Thanks for the post 204


----------



## HowlinRed (Feb 3, 2011)

This truly is a great day for the American people and the rest of the world. UBL's role has been diminished some what over the past ten years, but he was still the head of the snake. I am so proud of our CIA and Special Operations community for working together to get this operation done. For those of you that don't know, this was a huge undertaking for our operators to enter that compound and put a bullet in the head of the snake. It also sends a message to the rest of the nut jobs around the world that we CAN put "eyes on" a target and kill it up close and personal. Although the war on terror is not over, I hope and pray that the family's who lost loved ones on 9/11/01 as well as sons and daughters through out the war can have an inner peace knowing that the snake is dead.


----------



## youngdon (Mar 10, 2010)

Ding Dong, the witch is dead........


----------



## On a call (Mar 3, 2010)

HowlinRed said:


> This truly is a great day for the American people and the rest of the world.
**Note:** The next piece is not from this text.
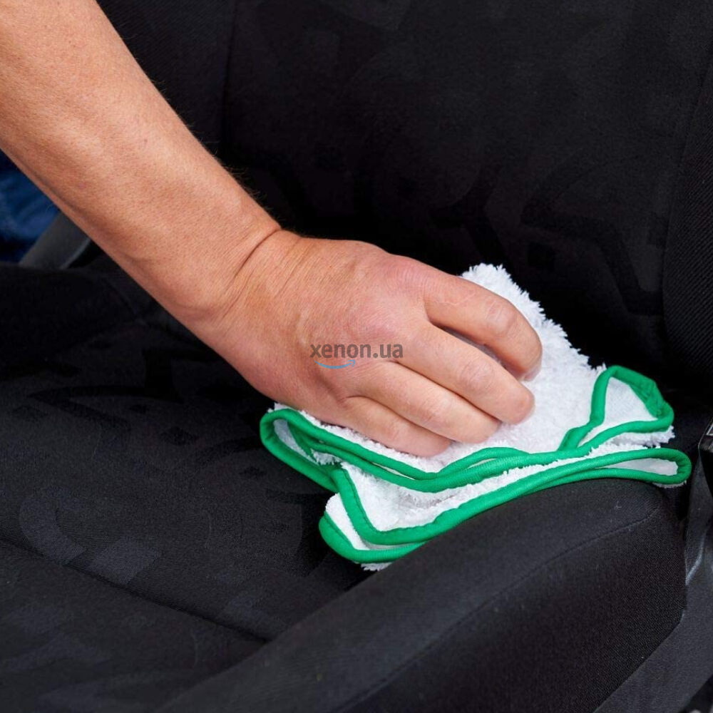 - Соберите рыхлую грязь чистой и влажной микрофиброй и промойте её чистой водой. Повторяйте процесс, пока грязь не перестанет быть видимой на ткани.

UBL's role has been diminished some what over the past ten years, but he was still the head of the snake. I am so proud of our CIA and Special Operations community for working together to get this operation done. For those of you that don't know, this was a huge undertaking for our operators to enter that compound and put a bullet in the head of the snake. It also sends a message to the rest of the nut jobs around the world that we CAN put "eyes on" a target and kill it up close and personal. Although the war on terror is not over, I hope and pray that the family's who lost loved ones on 9/11/01 as well as sons and daughters through out the war can have an inner peace knowing that the snake is dead.
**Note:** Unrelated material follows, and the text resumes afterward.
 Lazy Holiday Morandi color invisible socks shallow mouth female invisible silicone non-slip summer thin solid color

Yes the Head is dead ! To bad there are others following..but the message has been sent that they too will be squashed. We had our chances a few other times..the time we thought we had him in the cave..well, there we those who knew he was not there, but close. And by the time we had permission, he was gone again. We did it right this time. I just hope those in upper power and new to the game do not us this for thier gain.

I too still feel for ALL those who suffered the wrath of this Radical Rogue.


----------



## JTKillough (May 4, 2010)

Fantastic news. US military, I thank you and am so very proud of you. I knew it was only a matter of time. Sounds like we had leads on his where-abouts several years ago, but had to track down the courier to get at him. In the end, he tried to hide behind a little girl. Not surprised..Who cares, he's dead and the world rejoices. And sure, where will be another creep to take his place on the worlds most wanted list, but we will do the ol' double tap on him also. Come get some!


----------



## HowlinRed (Feb 3, 2011)

Yes, we finally developed our own Intel over the past few years and didn't depend so much on other countries. It is clear that they can't be trusted. UBL had been tipped off too many times by these so called "allied" countries. And we kept our mouths shut. No leaks. The Bush administration deserves a lot of credit for putting in place the polices to interrogate these dirt bags with the advanced interrogation techniques. It took time but it worked. Dirt bags beware. We proved the other day that we don't have to bomb you to get you. I sure hope we start to reconsider our relationship with these other countries such as Pakistan. They are playing us for the money and could care less about us.


----------



## youngdon (Mar 10, 2010)

That last sentence about says it all IMO.


----------